___ DATA SEGMENT ___
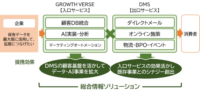 当社は、中期経営計画において将来のありたい姿として、主力事業であるダイレクトメールの枠組みを超えたデジタルとリアルの「総合情報ソリューション企業」への変貌を掲げており、その実現に向けた取組みの一環として、2023 年より、当社とGROWTH VERSE の事業の強みを活かし、データ・AI
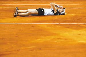 5月9日,在WTA罗马赛单打决赛中,桑切斯以2:0战胜塞尔维亚选手扬科维奇,获得冠军。图为西班牙选手桑切斯在比赛后倒地庆祝胜利。 新华社发
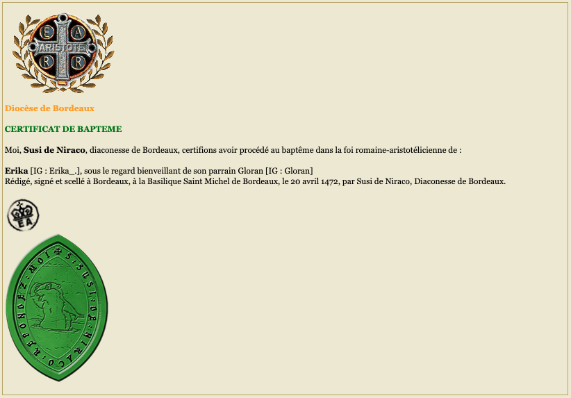 - Date, lieu et célébrant du baptême de l'épouse : Le 20 avril 1472, en la Basilique Saint Michel de Bordeaux par Susi de Niraco
___
=== YOUR OBJECTIVE ===
Write the listing out exactly, apart from its pictures.

=== YOUR SOLUTION ===
 当社は、中期経営計画において将来のありたい姿として、主力事業であるダイレクトメールの枠組みを超えたデジタルとリアルの「総合情報ソリューション企業」への変貌を掲げており、その実現に向けた取組みの一環として、2023 年より、当社とGROWTH VERSE の事業の強みを活かし、データ・AI
 5月9日,在WTA罗马赛单打决赛中,桑切斯以2:0战胜塞尔维亚选手扬科维奇,获得冠军。图为西班牙选手桑切斯在比赛后倒地庆祝胜利。 新华社发
 - Date, lieu et célébrant du baptême de l'épouse : Le 20 avril 1472, en la Basilique Saint Michel de Bordeaux par Susi de Niraco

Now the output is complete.